Emanuel Proença não tem dúvidas quanto ao que de positivo o projeto do Lítio do Barroso pode trazer. Não apenas a Portugal, mas essencialmente à região.
Após a apresentação dos resultados do Estudo Definitico de Viabilidade, que indicam uma vida útil aos trabalhos para mais de 40 anos, o projeto ganha novo fôlego. Principamente no que toca ao desafio de procurar mais investidores.
Considerado pela União Europeia como um projeto promissor para a resolução do Ato das Matérias-Primas críticas, a mina do Barroso pode contribuir não apenas para a construção de baterias elétricas como também para alimentar a indústria tecnológica europeia.
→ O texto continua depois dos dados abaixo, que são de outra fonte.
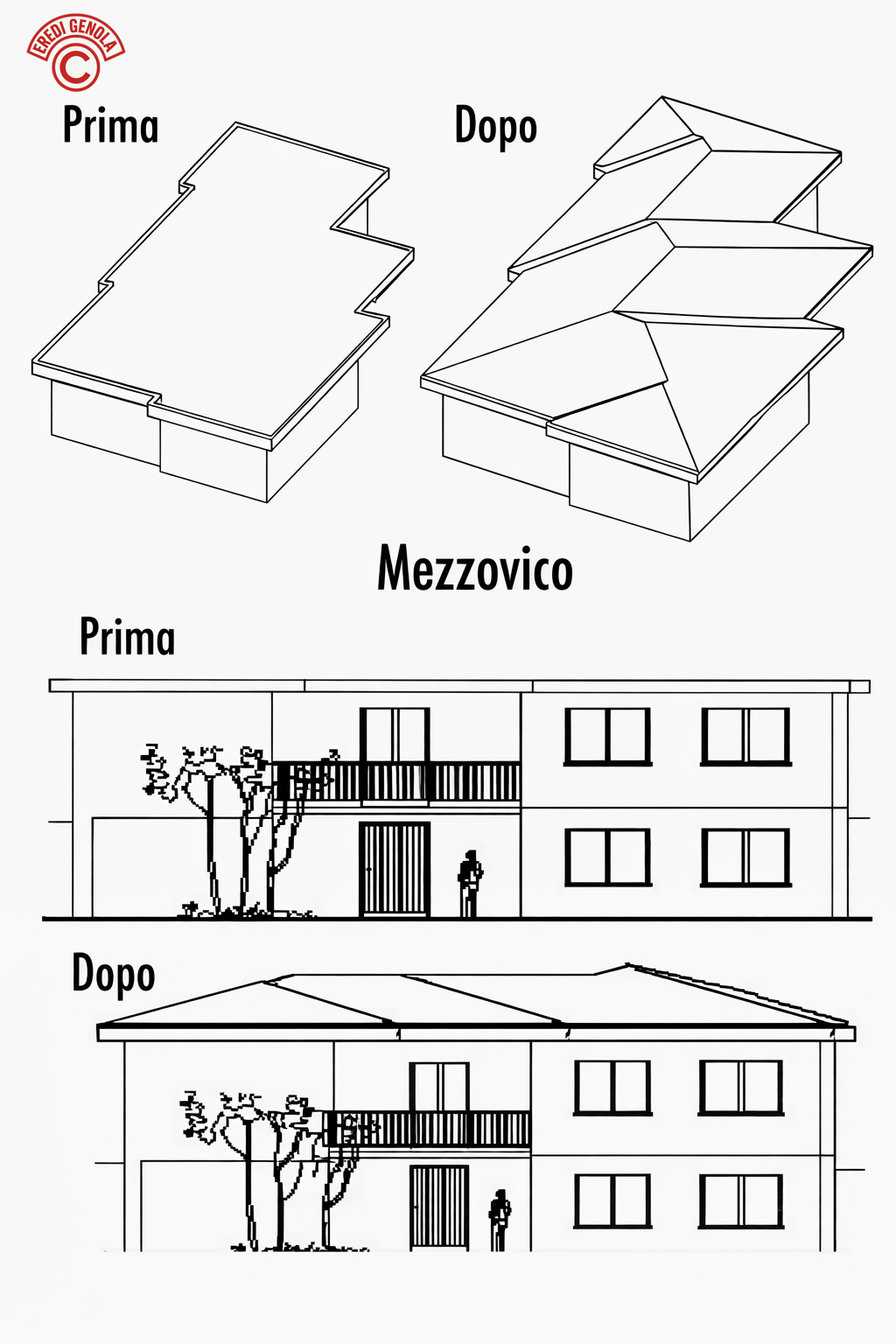 Tetti piani trasformati in tetti a falde

Em entrevista à TSF Emanuel Proença, CEO do grupo Savannah Resources, refere ainda que tem ocorrido uma corrida de procura por trabalho, cujas vagas irão aumentar à medida que as diferentes fases do projeto avancem e evoluam.
Já em termos de lucros e ganhos nacionais, fala-se de aproximadamente 700 milhões de euros, através de impostos que serão do Estado.
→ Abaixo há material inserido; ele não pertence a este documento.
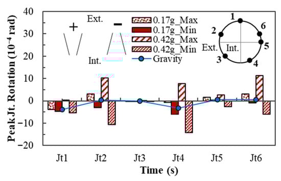The segmental joint deformation is expressed in terms of the tangential joint displacement and joint rotation. The angle of rotation at the joints is defined as the ratio of the difference between the exterior and interior tangential joint displacements to the tunnel lining thickness. The peak clockwise and counterclockwise (“+/−”) joint rotations under the horizontal (H) and horizontal and vertical (H+V) acceleration time histories of the Lytle Creek (Cedar Springs Pumphouse) earthquake (GM2) are shown in Figure 5. Further, the “+” and “−” joint rotations are illustrated in Figure 5. The figure typifies the rotational joint behavior for all the ground motions considered. Notably, the joint rotation behavior exhibited significant variability. According to Figure 5, rotation under the gravity load is high at joints Jt1 and Jt4, whereas rotations under the excitation occur at joints Jt2, Jt4, and Jt5. The larger amplitude shaking excites higher positive (+) rotations at joints Jt2, Jt4, and Jt5, making them more susceptible to groundwater ingress due to the geometric configuration of the gasketed joint. The above observation reveals that the rotation of the joints can be significantly affected by ground shaking, and the effects could vary greatly depending on the amplitude of the excitations.

São ainda referidas as diferentes infraestruturas necessárias para o apoio ao crescimento do projeto, desde linhas elétricas, acessos locais, ou telecomunicações. Emanuel esclarece também sobre este ponto: “A verdade é que o escrutínio que o projeto foi submetido ao longo destes últimos anos, dá também muitas garantias de que as coisas vão ser feitas agora com um nível de qualidade que não é aquele que existia em projetos mineiros há 50 ou 100 anos atrás (…) é um projeto de standart europeu, sujeito a enormes escrutínio ambiental e social e, portanto, feito com as melhores práticas.”, numa alusão direta à forte contestação contra a exploração mineira.
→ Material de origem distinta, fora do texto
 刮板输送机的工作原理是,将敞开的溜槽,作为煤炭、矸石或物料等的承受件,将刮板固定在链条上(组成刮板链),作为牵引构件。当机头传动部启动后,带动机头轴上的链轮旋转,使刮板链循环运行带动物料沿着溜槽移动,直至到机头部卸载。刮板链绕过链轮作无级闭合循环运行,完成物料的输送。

Enfantizando o impacto social, a Savannah Ressources celebrou mais de 10 Memorandos de Entendimento e outros acordos de cooperação com entidades locais, abrangendo áreas sociais, culturais, educativas e económicas e já rinha avisado em comunicado, a intenção de criar uma Fundação para permitir desenvolver iniciativas de interesse comunitário e reforçar o apoio ao desenvolvimento regional de longo prazo. Uma resposta da comunidade que mostra agora maior confiança em todo o processo.
Atualmente com 4 mil acionistas em Bolsa, e parcerias com várias empresas, o projeto de lítio torna-se um forte candidato a concorrer no mercado contra outros produtores e empresas. Além de que já conta com o apoio da AICEP, num valor de 110 milhões de euros.
Questionado também sobre os impactos ambientais do projeto, justifica que a empresa e colaboradores estão “cientes da responsabilidade que temos, cientes do que temos de fazer para que os impactos positivos sejam maximizados e os negativos sejam minorados e é isso que estaremos cá para fazer”, acresentando “temos também a sorte e a responsabilidade de implementar um projeto que, apesar dessas sortes de partida, trabalha muito bem tanto as componentes de água como as componentes de terra, a componente de reabilitação ao longo da execução do projeto. Vamos estar a reencher algumas das cortas e a reflorestar por cima, para compensaras áreas que trabalhamos.”